This chapter begins by discussing bus organization and memory organization.
These two hardware components will probably have a bigger performance impact
on your software than the CPU's speed. Understanding the organization of
the system bus will allow you to design data structures that operate and
maximum speed. Similarly, knowing about memory performance characteristics,
data locality, and cache operation can help you design software that runs
as fast as possible. Of course, if you're not interested in writing code
that runs as fast as possible, you can skip this discussion; however, most
people do care about speed at one point or another, so learning this information
is useful.
Unfortunately, the 80x86 family microprocessors are a complex group and
often overwhelm beginning students. Therefore, this chapter describes four
hypothetical members of the 80x86 family: the 886, 8286, the 8486, and the
8686 microprocessors. These represent simplified versions of the 80x86 chips
and allow a discussion of various architectural features without getting
bogged down by huge CISC instruction sets. This text uses the x86 hypothetical
processors to describe the concepts of instruction encoding, addressing
modes, sequential execution, the prefetch queue, pipelining, and superscalar
operation. Once again, these are concepts you do not need to learn if you
only want to write correct software. However, if you want to write fast
software as well, especially on advanced processors like the 80486, Pentium,
and beyond, you will need to learn about these concepts.

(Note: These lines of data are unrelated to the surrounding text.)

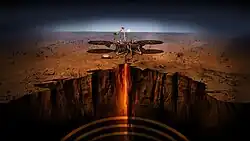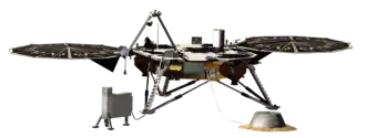 Braço robótico da sonda InSight, juntamente com o instrumento SEIS, março de 2015Seismic Experiment for Interior Structure(SEIS): consiste de um sismógrafo para medidas precisas de terremotos e outras atividades internas em Marte, para entender melhor a história e a estrutura do planeta.[32][33][34] Também investigará como a crosta marciana e o manto respondem aos efeitos dos impactos de meteoritos, que dão pistas à estrutura interna do planeta. O SEIS é desenvolvido pela Agência Espacial Francesa (CNES), com a participação do Instituto de Física do Globo de Paris (IPGP), do Instituto Federal Suíço de Tecnologia (ETHZ), do Instituto Max Planck para Pesquisa do Sistema Solar (MPS), Imperial College, Instituto Superior da Aérea e do Espaço (ISAE) e do JPL.[35][36] O sismômetro também detectará fontes de ondas atmosféricas e sinais gravimétricos (forças de maré) da lua marciana Fobos, e ondas sísmicas de alta frequência a 50 hertz.[37][38]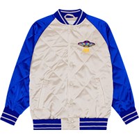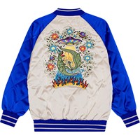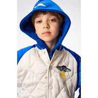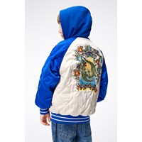 Doorgestikte bomberjack in blauw en gebroken wit met een grote geborduurde print. Het heeft gestreepte ribboorden aan de hals, mouwen en onderkant en heeft drukknopen aan de voorkant. De jas heeft een stoere geborduurde print van een UFO, een dinosaurus en vuur, wat de jas een stoere uitstraling geeft.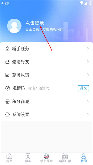 2、在个人中心页面,点击点击登录区域,可进入用户登录页面。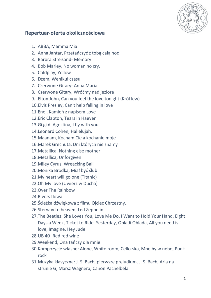 Repertuar-oferta okolicznościowa 1. ABBA, Mamma Mia 2. Anna Jantar, Przetańczyć z tobą całą noc 3. Barbra Streisand- Memory 4. Bob Marley, No woman no cry. 5. Coldplay, Yellow 6. Dżem, Wehikuł czasu 7. Czerwone Gitary- Anna Maria 8. Czerwone Gitary, Wróćmy nad jeziora 9. Elton John, Can you feel the love tonight (Król lew) 10.Elvis Presley, Can't help falling in love 11.Enej, Kamień z napisem Love 12.Eric Clapton, Tears in Haeven 13.Gi gi di Agostina, I fly with you 14.Leonard Cohen, Hallelujah. 15.Maanam, Kocham Cie a kochanie moje 16.Marek Grechuta, Dni których nie znamy 17.Metallica, Nothing else mother 18.Metallica, Unforgiven 19.Miley Cyrus, Wreacking Ball 20.Monika Brodka, Miał być ślub 21.My heart will go one (Titanic) 22.Oh My love (Uwierz w Ducha) 23.Over The Rainbow 24.Rivers flowa 25.Ścieżka dźwiękowa z filmu Ojciec Chrzestny. 26.Sterway to heaven, Led Zeppelin 27.The Beatles: She Loves You, Love Me Do, I Want to Hold Your Hand, Eight Days a Week, Ticket to Ride, Yesterday, Obladi Oblada, All you need is love, Imagine, Hey Jude 28.UB 40- Red red wine 29.Weekend, Ona tańczy dla mnie 30.Kompozycje własne: Alone, White room, Cello-ska, Mne by w nebo, Punk rock 31.Muzyka klasyczna: J. S. Bach, pierwsze preludium, J. S. Bach, Aria na strunie G, Marsz Wagnera, Canon Pachelbela 1 2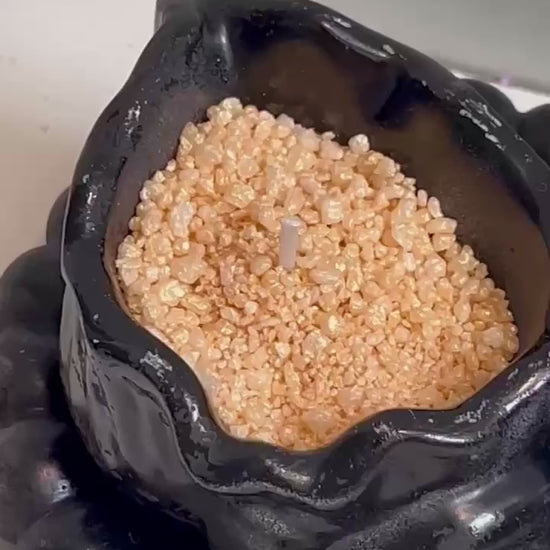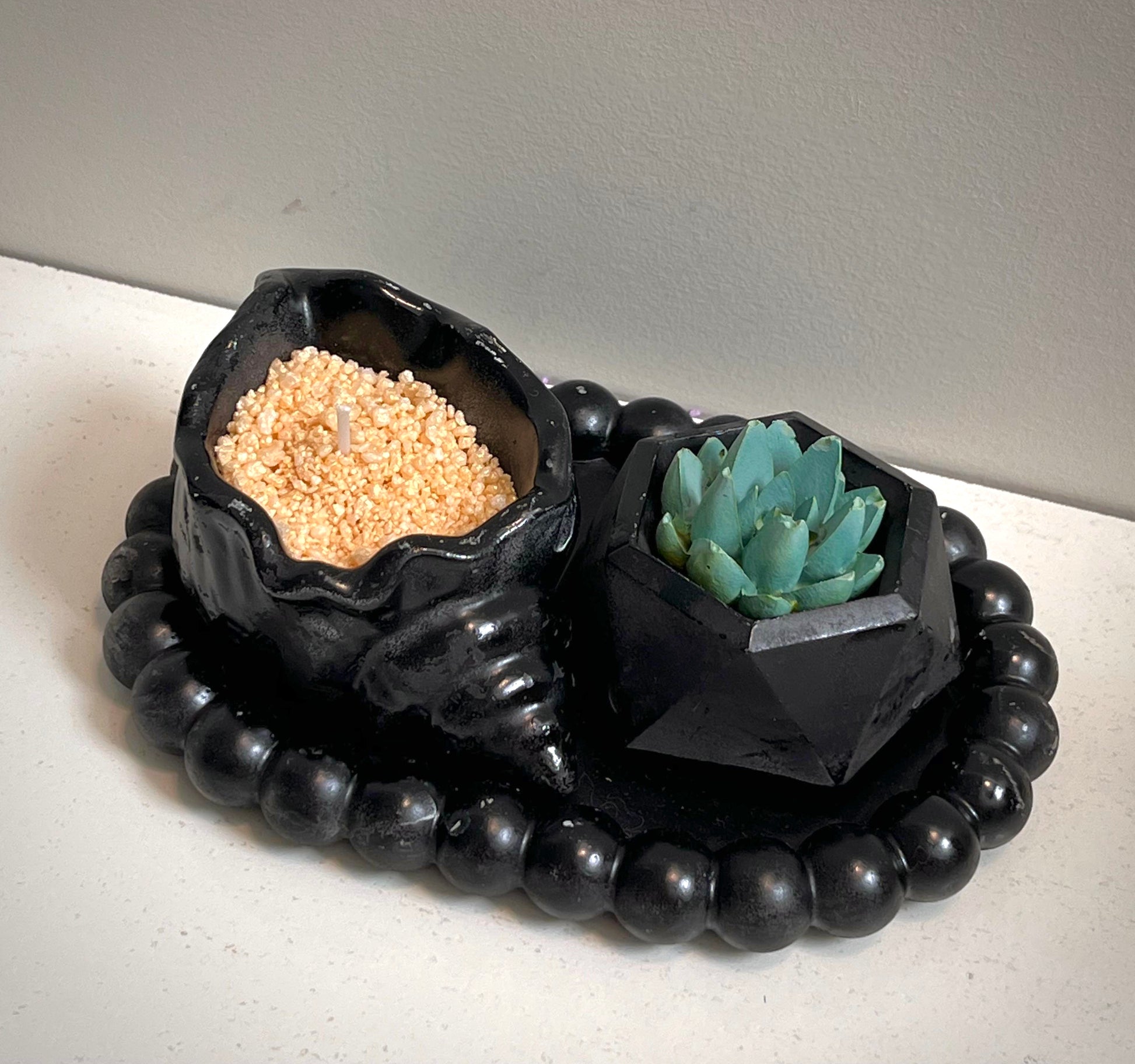 A trio of décor, candle and tray in chic black accents - timeless elegance.

Some might argue that this chapter gets too involved with computer architecture.
They feel such material should appear in an architectural book, not an assembly
language programming book. This couldn't be farther from the truth! Writing
good assembly language programs requires a strong knowledge of the
architecture. Hence the emphasis on computer architecture in this chapter.

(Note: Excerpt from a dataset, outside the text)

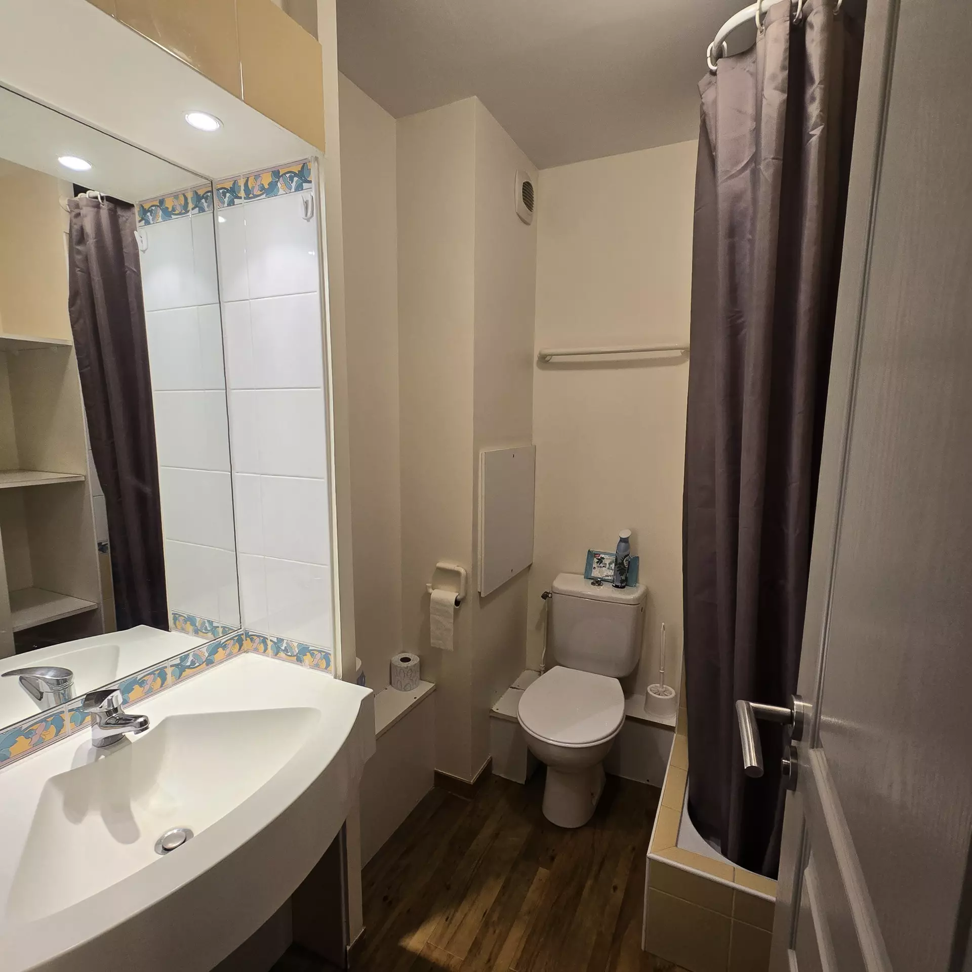La salle d’eau se compose d’un lavabo, d’une douche et W.C.
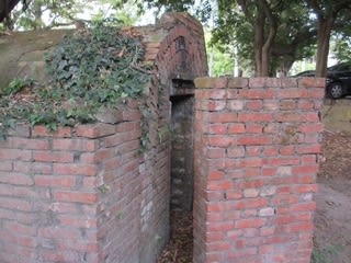 煉瓦積みの塀で囲まれたエリアの中には古い平屋の建物が残されており…

3.1 The Basic System Components
The basic operational design of a computer system is called its architecture.
John Von Neumann, a pioneer in computer design, is given credit for the
architecture of most computers in use today. For example, the 80x86 family
uses the Von Neumann architecture (VNA). A typical Von Neumann
system has three major components: the central processing unit (or
CPU), memory, and input/output (or I/O). The
way a system designer combines these components impacts system performance:
In VNA machines, like the 80x86 family, the CPU is where all the action
takes place. All computations occur inside the CPU. Data and CPU instructions
reside in memory until required by the CPU. To the CPU, most I/O devices
look like memory because the CPU can store data to an output device and
read data from an input device. The major difference between memory and
I/O locations is the fact that I/O locations are generally associated with
external devices in the outside world.
3.1.1 The System Bus
The system bus connects the various components of a VNA machine.

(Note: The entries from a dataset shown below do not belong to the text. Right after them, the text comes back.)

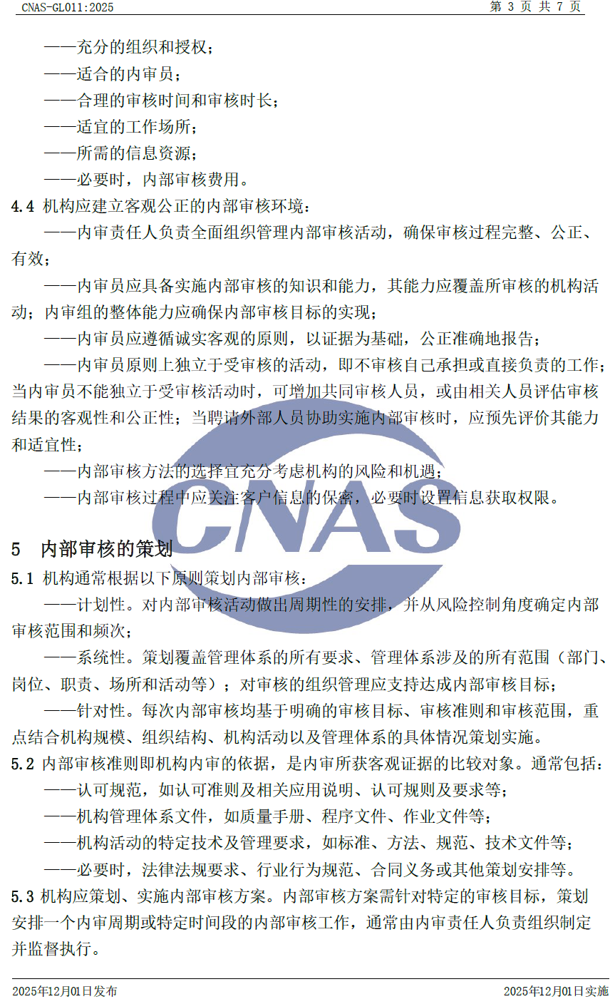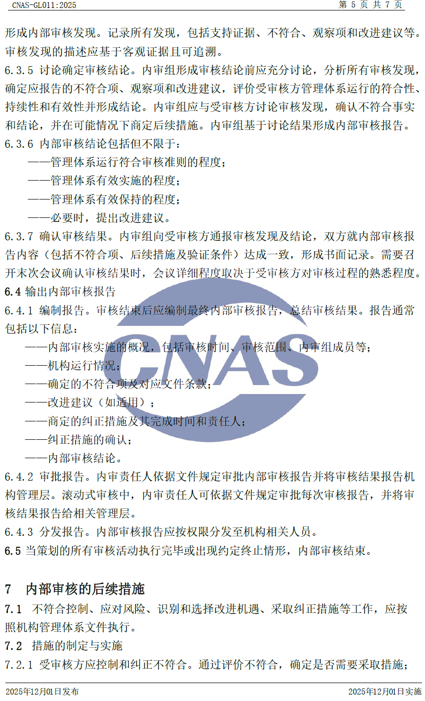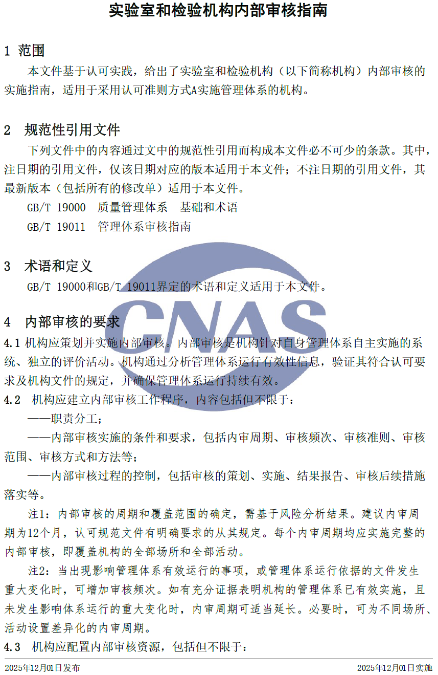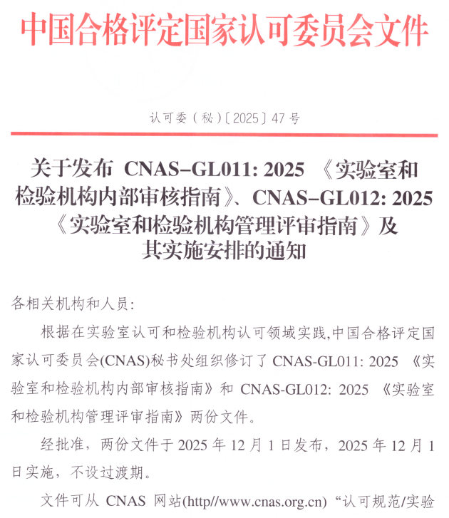 CNAS-GL011:2025 《實驗室和檢驗機構(gòu)內(nèi)部審核指南》與CNAS-GL011:2018相比,除結(jié)構(gòu)調(diào)整和編輯性改動外,主要技術(shù)變化如下: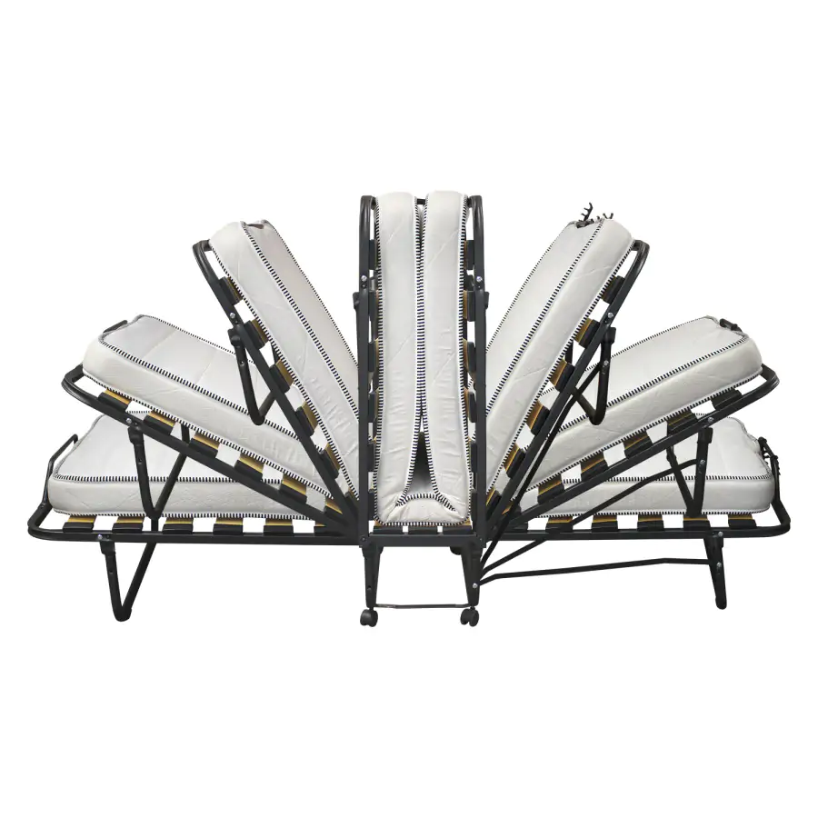 Složená postel je nenáročná na skladovací prostor, výška sedu 38 cm.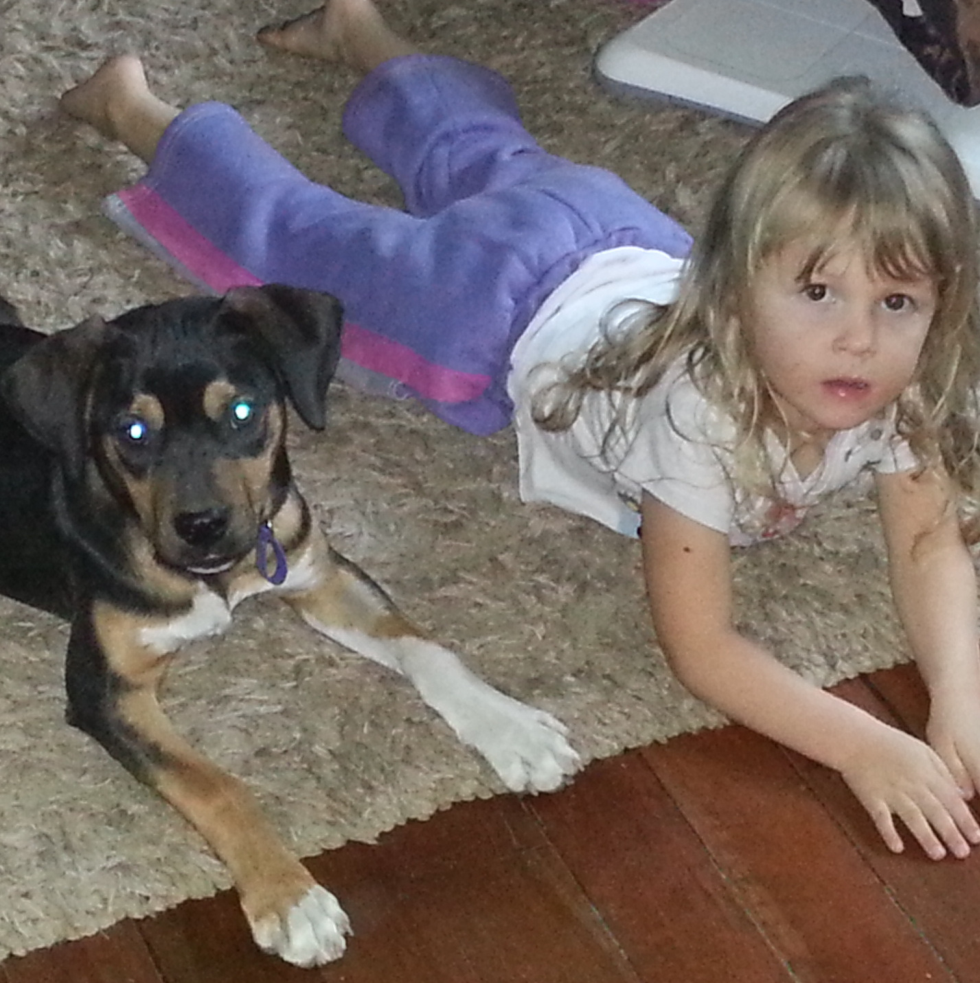 Crush is a 4 month old, male, mixed breed, tri colour puppy. Cute as a button and a perfect family dog. He possibly has a bit of Labrador and/or kelpie in him? He loves my 3 year old daughter and plays very gently with her.

The 80x86 family has three major busses: the address bus, the data
bus, and the control bus. A bus is a collection of wires on which
electrical signals pass between components in the system. These busses vary
from processor to processor. However, each bus carries comparable information
on all processors; e.g., the data bus may have a different implementation
on the 80386 than on the 8088, but both carry data between the processor,
I/O, and memory.
A typical 80x86 system component uses standard TTL logic levels. This
means each wire on a bus uses a standard voltage level to represent zero
and one. We will always specify zero and one rather than the electrical
levels because these levels vary on different processors (especially laptops).
3.1.1.1 The Data Bus
The 80x86 processors use the data bus to shuffle data between
the various components in a computer system. The size of this bus varies
widely in the 80x86 family. Indeed, this bus defines the "size"
of the processor.
On typical 80x86 systems, the data bus contains eight, 16, 32, or 64 lines.
The 8088 and 80188 microprocessors have an eight bit data bus (eight data
lines). The 8086, 80186, 80286, and 80386SX processors have a 16 bit data
bus. The 80386DX, 80486, and Pentium Overdrive' processors have
a 32 bit data bus. The Pentium' and Pentium Pro processors have
a 64 bit data bus. Future versions of the chip (the 80686/80786?) may have
a larger bus.
Having an eight bit data bus does not limit the processor to eight bit data
types. It simply means that the processor can only access one byte of data
per memory cycle (see "The Memory Subsystem"
on page 87 for a description of memory cycles). Therefore, the eight
bit bus on an 8088 can only transmit half the information per unit time
(memory cycle) as the 16 bit bus on the 8086. Therefore, processors with
a 16 bit bus are naturally faster than processors with an eight bit bus.
Likewise, processors with a 32 bit bus are faster than those with a 16 or
eight bit data bus. The size of the data bus affects the performance of
the system more than the size of any other bus.
You'll often hear a processor called an eight, 16, 32, or 64 bit processor.
While there is a mild controversy concerning the size of a processor, most
people now agree that the number of data lines on the processor determines
its size. Since the 80x86 family busses are eight, 16, 32, or 64 bits wide,
most data accesses are also eight, 16, 32, or 64 bits. Although it is possible
to process 12 bit data with an 8088, most programmers process 16 bits since
the processor will fetch and manipulate 16 bits anyway. This is because
the processor always fetches eight bits. To fetch 12 bits requires two eight
bit memory operations. Since the processor fetches 16 bits rather than 12,
most programmers use all 16 bits. In general, manipulating data which is
eight, 16, 32, or 64 bits in length is the most efficient.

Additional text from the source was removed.